Shiny Object Syndrome is also known as “initiative overload,” “scope creep,” or the “good idea fairy.” Maybe you are guilty of doing it to yourself and taking on more than you can execute. Maybe you are guilty of doing the same to your team.
Maybe you have a client that keeps changing what success on a deliverable and project looks like. No matter how Shiny Object Syndrome enters your life, it will cause distress and affect you, your team, and your relationships.
So, how do we combat the Shiny Object Syndrome with our clients, bosses and selves? Through planning, commitment and accountability – that’s how!
Planning. Have you ever set a goal without a plan to achieve it? That is Shiny Object Syndrome.
It’s the dopamine hit of establishing an ambitious goal that makes shiny objects so shiny. They sound good, and they feel good. We can see them accomplished, and we give ourselves a little dopamine reward for thinking it could be a reality.
However, without a plan, shiny objects are just unaccomplished ideas, a graveyard of good intentions. At MCFA, we are in the planning business, and we set quarterly goals that are little projects. Each of those projects has a plan with milestones and “to be accomplished by” dates.
These milestones allow us to maintain accountability to ourselves, our team and our plan! The most important part of the plan is resourcing because time is usually the biggest hurdle to accomplishing the goal. Planning forces us to sort through the shiny objects and find how much it will cost in time, money or support.
Planning is a reality check. It’s the HOW?
Accountability. If the NFL didn’t have a scoreboard, we wouldn’t know who was winning. We need a scoreboard in the game of business, fitness, personal finance, project development, etc. It lets us know whether we are winning or losing or are on track or off-track (that was for our transportation partners!).
Whether it’s at home with your kids or at work with your project team, having a way of giving feedback leads to a higher level of accountability. Just the act of telling someone you want to accomplish something and allowing them to ask about it is a form of accountability. By the way, did you go to the gym today?
Commitment. The biggest problem with Shiny Object Syndrome is that ideas are easy.

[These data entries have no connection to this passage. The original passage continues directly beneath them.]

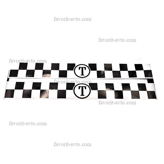 Наклейка Шашки ТАКСИ на бок. /БЕЛЫЙ/ широкая 62см.х8см. 1/25 |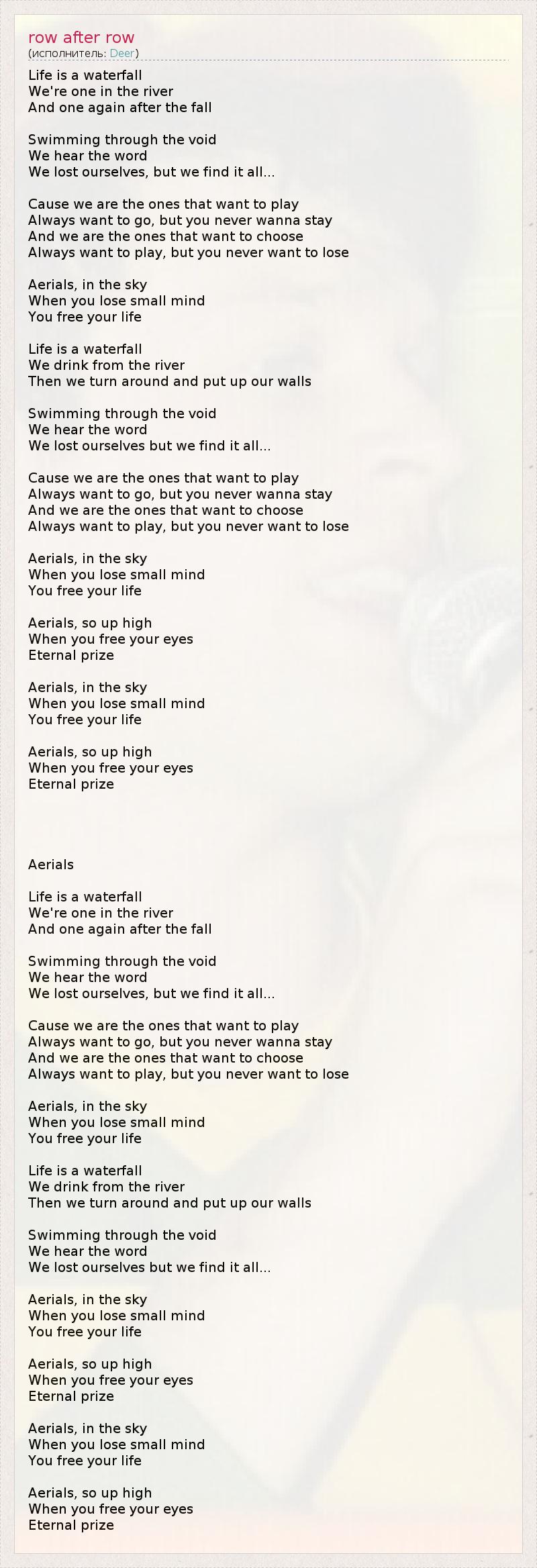 Life is a waterfall We're one in the river And one again after the fall Swimming through the void We hear the word We lost ourselves, but we find it all... Cause we are the ones that want to play Always want to go, but you never wanna stay And we are the ones that want to choose Always want to play, but you never want to lose Aerials, in the sky When you lose small mind You free your life Life is a waterfall We drink from the river Then we turn around and put up our walls Swimming through the void We hear the word We lost ourselves but we find it all... Cause we are the ones that want to play Always want to go, but you never wanna stay And we are the ones that want to choose Always want to play, but you never want to lose Aerials, in the sky When you lose small mind You free your life Aerials, so up high When you free your eyes Eternal prize Aerials, in the sky When you lose small mind You free your life Aerials, so up high When you free your eyes Eternal prize Aerials Life is a waterfall We're one in the river And one again after the fall Swimming through the void We hear the word We lost ourselves, but we find it all... Cause we are the ones that want to play Always want to go, but you never wanna stay And we are the ones that want to choose Always want to play, but you never want to lose Aerials, in the sky When you lose small mind You free your life Life is a waterfall We drink from the river Then we turn around and put up our walls Swimming through the void We hear the word We lost ourselves but we find it all... Aerials, in the sky When you lose small mind You free your life Aerials, so up high When you free your eyes Eternal prize Aerials, in the sky When you lose small mind You free your life Aerials, so up high When you free your eyes Eternal prize
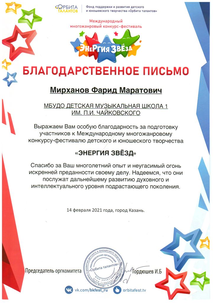 Международный многожанровый конкурс-фестиваль "Энергия звёзд" - Благодарность Мирханову Ф.М.;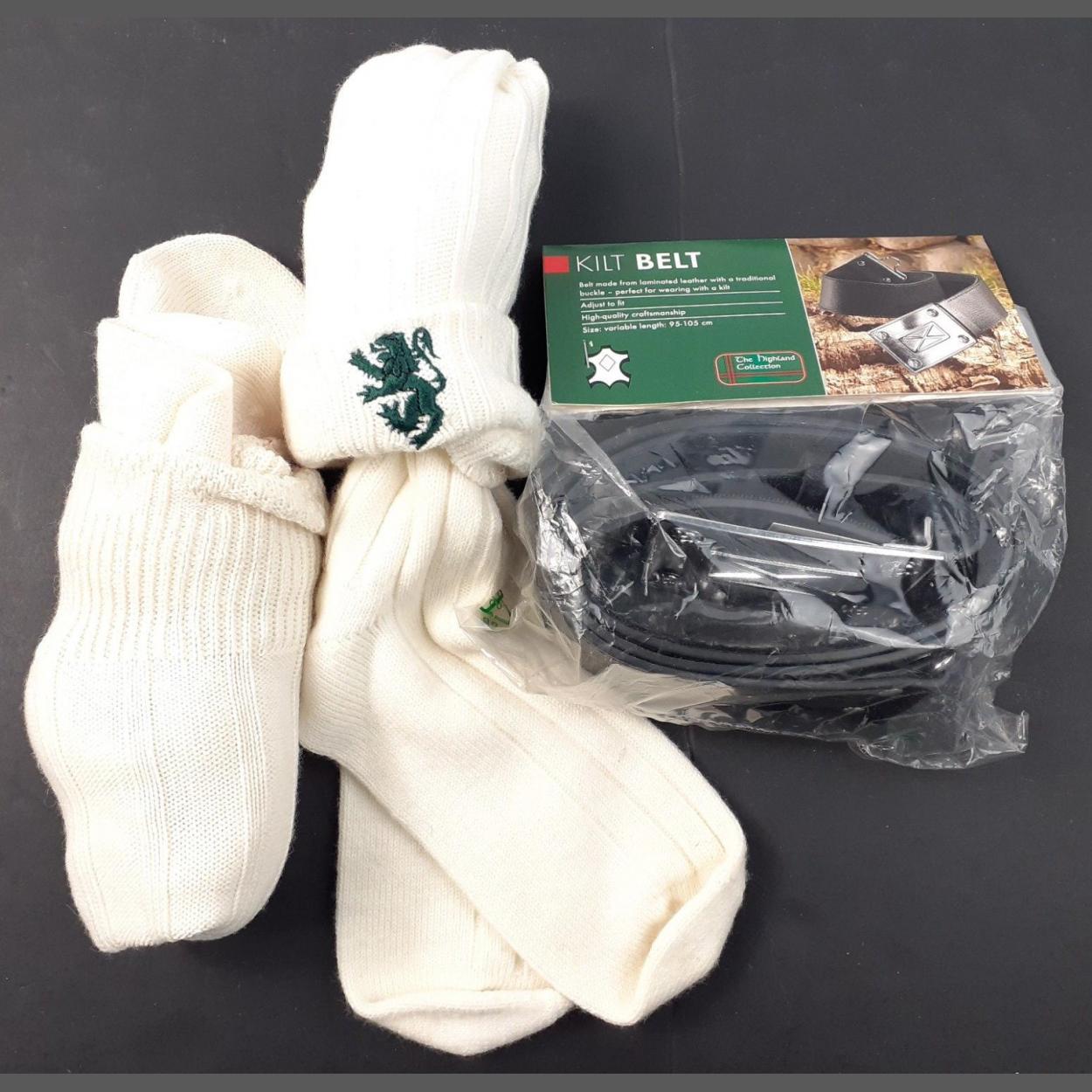 A new kilt belt and buckle in unopened pack, size 95-105cm, plus 2 pairs of new kilt hose with dragon motifs

And they are easy because an idea or dream doesn’t require commitment. Good ideas are a dime a dozen.
Operationalizing and implementing those ideas is where the rubber meets the road. And if you put a plan together, you resource the plan to ensure it’s feasible. In turn, you create an accountability process and commit to yourself and your team (friend or family). If you commit to doing something, your likelihood of success goes up.

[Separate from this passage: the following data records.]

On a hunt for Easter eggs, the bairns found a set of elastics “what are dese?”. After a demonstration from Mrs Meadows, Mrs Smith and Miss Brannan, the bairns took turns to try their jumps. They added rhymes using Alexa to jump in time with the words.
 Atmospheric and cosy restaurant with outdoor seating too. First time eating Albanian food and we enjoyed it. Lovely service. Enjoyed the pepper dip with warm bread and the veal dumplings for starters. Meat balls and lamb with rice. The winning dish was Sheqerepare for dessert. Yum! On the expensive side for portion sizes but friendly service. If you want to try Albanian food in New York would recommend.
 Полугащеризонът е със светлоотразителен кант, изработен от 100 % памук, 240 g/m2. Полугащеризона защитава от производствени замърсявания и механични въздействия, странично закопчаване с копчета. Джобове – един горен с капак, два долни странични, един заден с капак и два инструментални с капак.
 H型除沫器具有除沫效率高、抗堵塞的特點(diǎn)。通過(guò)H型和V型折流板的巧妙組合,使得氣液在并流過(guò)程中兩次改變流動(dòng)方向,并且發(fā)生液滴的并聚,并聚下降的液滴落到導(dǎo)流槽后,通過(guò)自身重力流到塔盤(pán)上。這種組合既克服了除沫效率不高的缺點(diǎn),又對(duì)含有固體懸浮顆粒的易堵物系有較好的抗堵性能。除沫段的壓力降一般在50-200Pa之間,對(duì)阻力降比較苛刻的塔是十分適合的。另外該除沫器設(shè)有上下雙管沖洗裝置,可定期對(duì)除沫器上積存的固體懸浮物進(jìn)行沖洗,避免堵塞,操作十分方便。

A note to my visionary and entrepreneurial friends:
Ideas, brainstorming, challenging and painting a compelling future are in our D-N-A. We should do this regularly, but we shouldn’t share it with our team regularly. Our teams need to be focused on executing the plans.
I’ve learned the hard way that initiative overload on myself or my team only leads to frustration, disappointment and a lack of success. That’s why we have turned towards quarterly goal setting and quarterly priority setting. It’s our way of shrinking annual initiatives into quarterly progress check-ins.

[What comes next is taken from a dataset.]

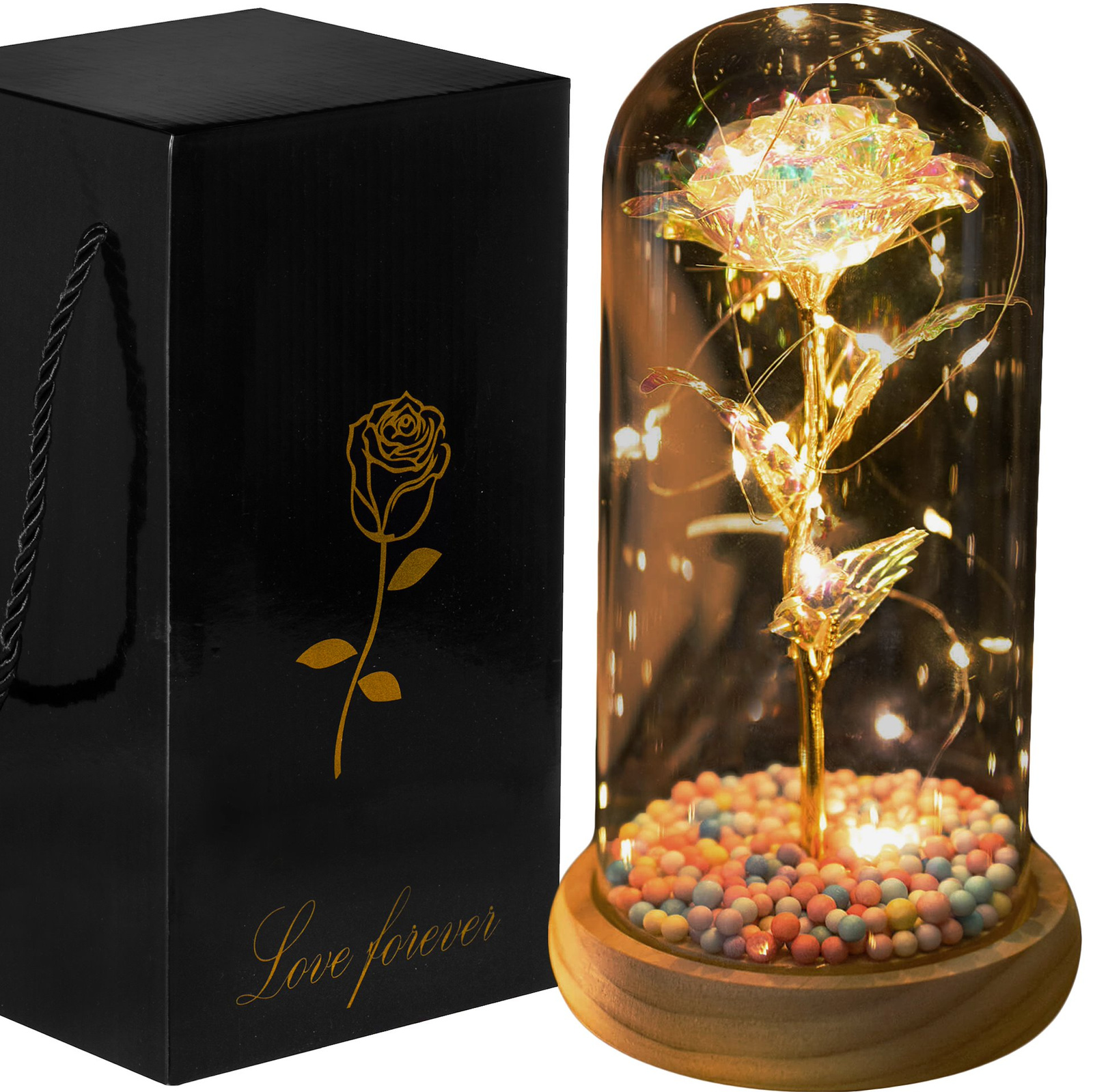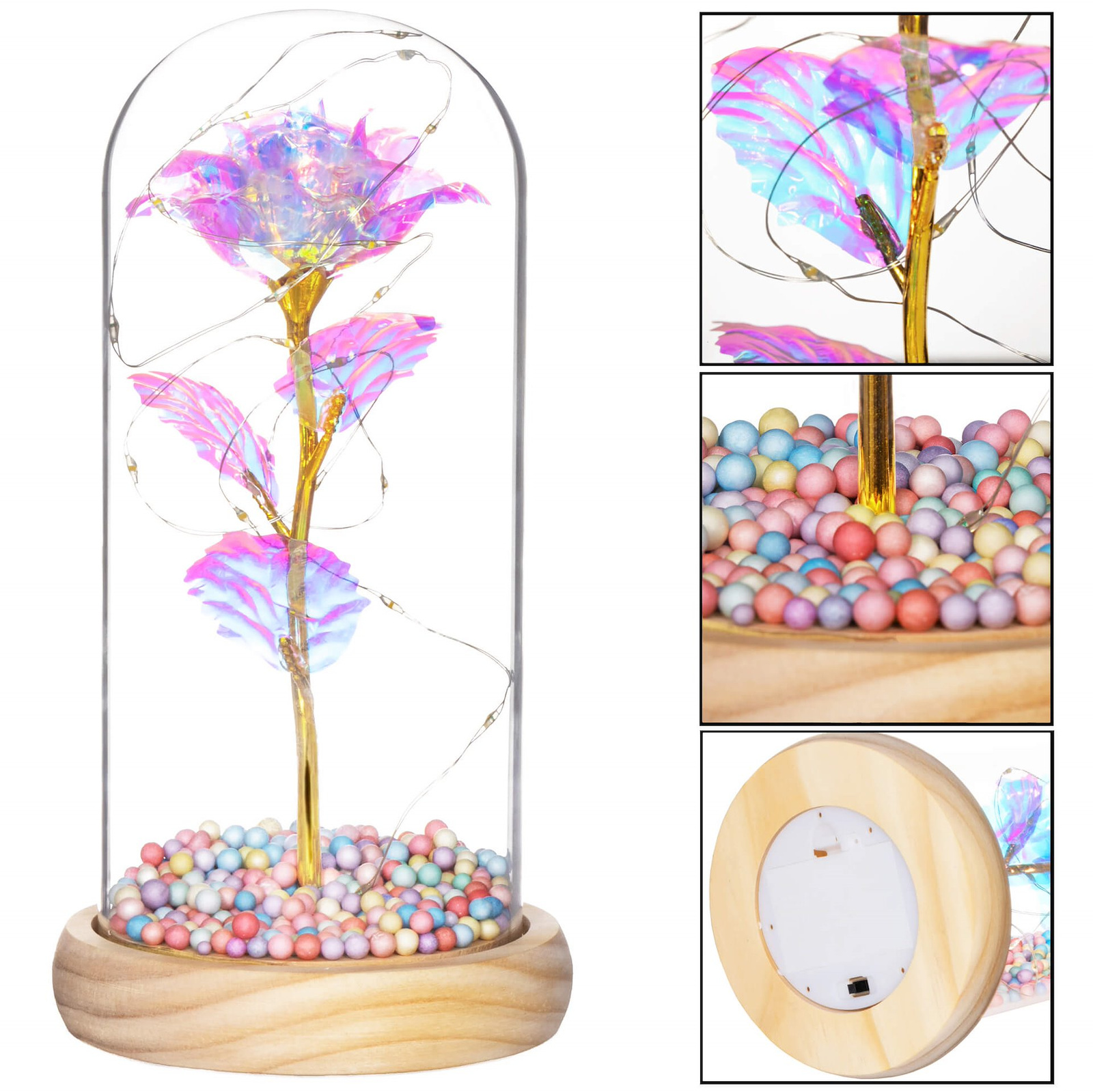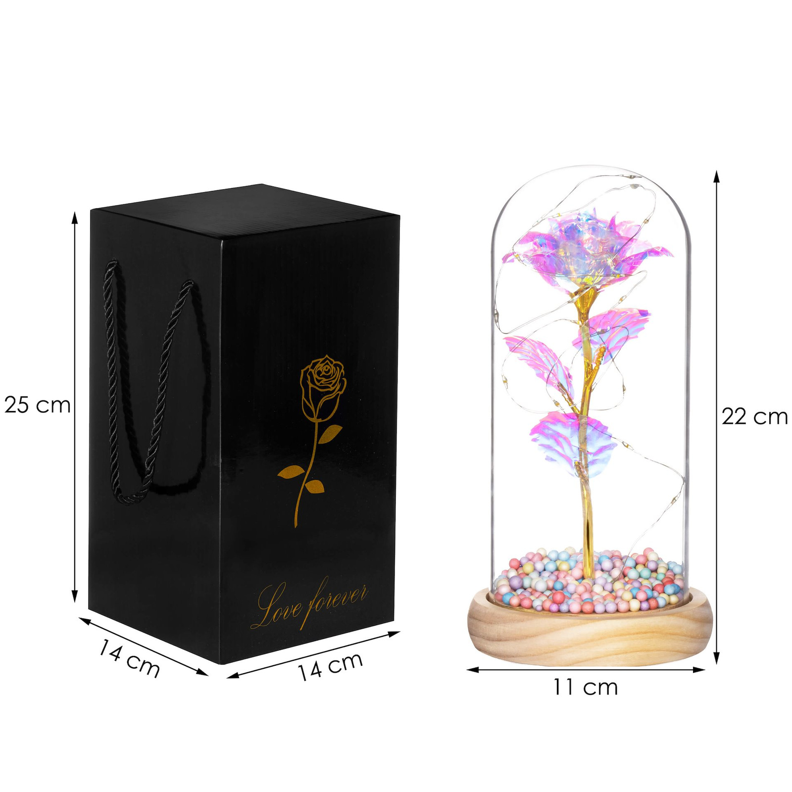 Wieczna róża w kloszu 22 cm świecąca ozdoba LED prezent kryształowa

It also forces us to iterate and improve our communication, resourcing and goal-setting. The results speak for themselves. We are constantly improving the process, and even have a process for capturing and vetting the shiny objects. s creative and as visionary as we may be, not every idea should see the light of day.
Last note: I grew up with the SMART goal acronym but recently read this article from MIT on the FAST Goal process. It’s a worthy read.
So, we are one week into the Quarter. What will you accomplish BEFORE the New Year without falling prey to SOS!?